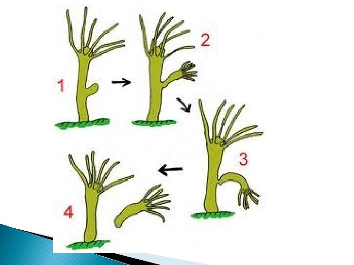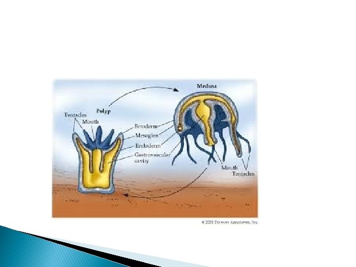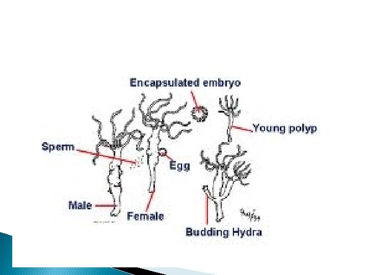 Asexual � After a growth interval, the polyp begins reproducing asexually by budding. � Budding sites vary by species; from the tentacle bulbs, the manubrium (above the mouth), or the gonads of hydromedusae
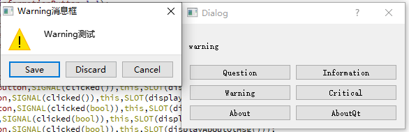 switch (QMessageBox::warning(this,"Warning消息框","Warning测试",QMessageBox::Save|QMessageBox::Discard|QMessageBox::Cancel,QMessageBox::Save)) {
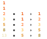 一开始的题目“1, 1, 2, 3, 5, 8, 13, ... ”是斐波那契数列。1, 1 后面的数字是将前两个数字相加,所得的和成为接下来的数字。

====

Task instructions ▸
Retype the data word for word and keep the pictures out of it.

Answer section ▸
 Asexual � After a growth interval, the polyp begins reproducing asexually by budding. � Budding sites vary by species; from the tentacle bulbs, the manubrium (above the mouth), or the gonads of hydromedusae
 switch (QMessageBox::warning(this,"Warning消息框","Warning测试",QMessageBox::Save|QMessageBox::Discard|QMessageBox::Cancel,QMessageBox::Save)) {
 一开始的题目“1, 1, 2, 3, 5, 8, 13, ... ”是斐波那契数列。1, 1 后面的数字是将前两个数字相加,所得的和成为接下来的数字。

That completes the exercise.